Philosophical Topics

Volume 47, Issue 2, Fall 2019

Emotion Regulation

Tad ZawidzkiOrcid-ID
Pages 27-51

Metacognitive Skill and the Therapeutic Regulation of Emotion

Many psychiatric disorders are characterized by problems with emotion regulation. Well-known therapeutic interventions include exclusively discursive therapies, like classical psychoanalysis, and exclusively noncognitive therapies, like psycho-pharmaceuticals. These forms of therapy are compatible with different theories of emotion: discursive therapy is a natural ally of cognitive theories, like Nussbaum’s (2009), according to which emotions are forms of judgment, while psycho-pharmacological intervention is a natural ally of noncognitive theories, like Prinz’s (2006), according to which emotions are forms of stimulus-dependent perception. I explore a third alternative: the therapeutic regulation of emotion as the development of metacognitive skills. This is a natural characterization of newer forms of therapy that are increasingly prescribed, like so-called Third-Wave Cognitive Behavioral Therapy and other mindfulness-inspired interventions. I argue that these newer forms of therapy make sense if we conceive of emotion as neither a form of judgment nor a form of perception, but, rather, as a variety of what Gendler calls “alief ” (2008).

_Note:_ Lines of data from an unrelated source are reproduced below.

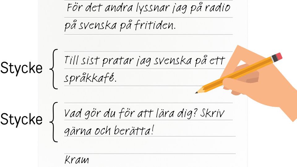 Styckeindelning Genom att lämna lite luft mellan de olika delarna i en text och använda stycken kan vi skapa en tydligare struktur. By leaving some air between the different parts of a text and using paragraphs, we can create a clearer structure.EngShow less
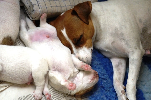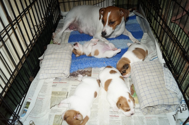 Alligevel er der ingen tvivl om, at hun sætter hvalpenes behov over sine egne, nu hvor det hele bliver presset lidt ekstra af varmen. Hun lægger sig ind til dem tit, så de kan drikke, og hun holder dem rene og fine. Og derefter må hun lægge sig ud i kassen ved siden af buret, for at give dem luft og plads. Hun er som en ekstra varmedunk i buret, og selvom hun helst ville blive derinde ved hvalpene, flytter hun sig ud, for at de skal kunne finde hvile og ro.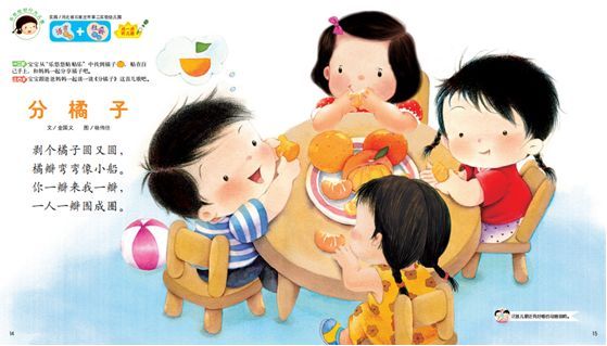 对于孩子来说,生动的故事、有趣的儿歌比枯燥的道理有用得多。我们可以和宝宝一起读《婴儿画报》中关于友谊和分享的儿歌和故事。在轻松的亲子阅读中,让孩子感受到:分享,是一件能让大家都开心起来的事。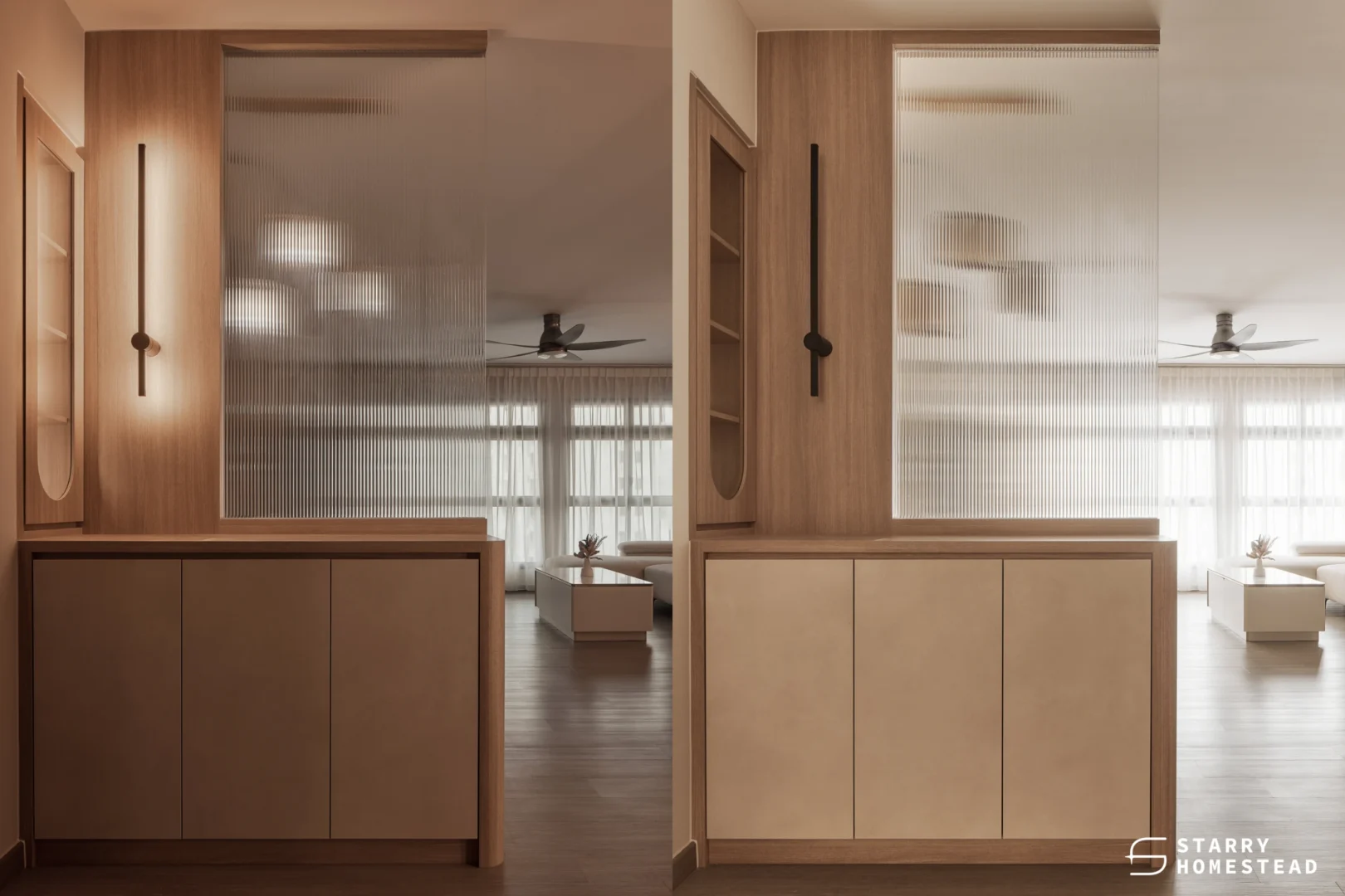 In Parc Clover @ Tengah, a Muji-inspired home, a foyer screen divides the entry from the main living area while maintaining openness. Alongside a bespoke display cabinet, the divider enhances functionality and flow, creating defined zones that blend seamlessly with the space’s aesthetic.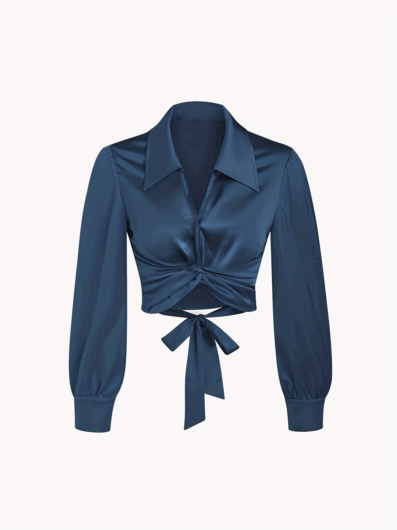 Y2K Lantern Sleeve Cross Shirts, Casual Solid V Neck Night Out Blouses Tops For Party & Club, Women's Clothing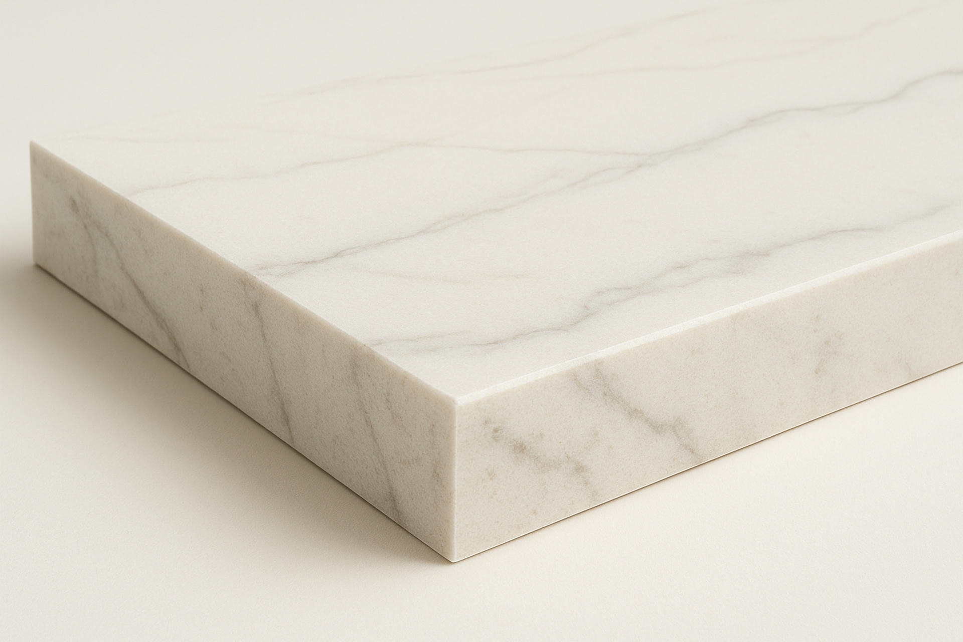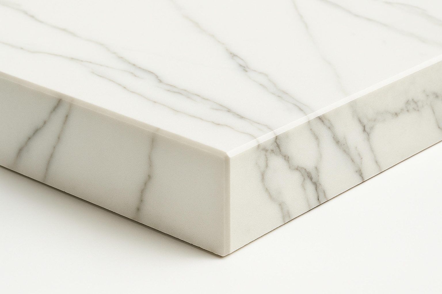 透心大板紋理貫穿整體,切面仍延續自然紋路,展現宛如天然岩石的真實質感。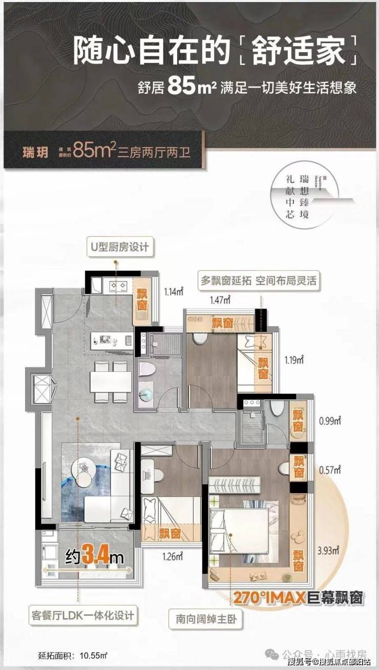 约85㎡三房两厅两卫:灵动竖厅,科学布局,客餐厨LDK一体化,户户270°豪宅飘窗,可分可合中西双厨,实用面积达98%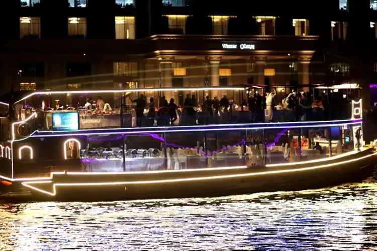 رحلة مائية لمدة ٤٥ دقيقة تمر عبرها بأبراج دبي المتميزة، وشلال جسر شارع الشيخ زايد، وجسور على طول قناة دبي المائية على متن عبرة حديثة ذات تصميم تراثي تعمل بمحرك البترول.

As Gendler notes, although aliefs do not succumb to direct rational regulation, they can be trained. Thus, if we conceive of emotions as aliefs, we can make sense of their therapeutic regulation through the development of metacognitive skills. Drawing on recent philosophical analyses of skill, as well as empirical paradigms in emotion regulation, and Buddhist characterizations of meditative practice, I sketch a characterization of metacognitive skill, and conclude with some reflections on the advantages of conceiving of psychotherapy as the development of metacognitive skills.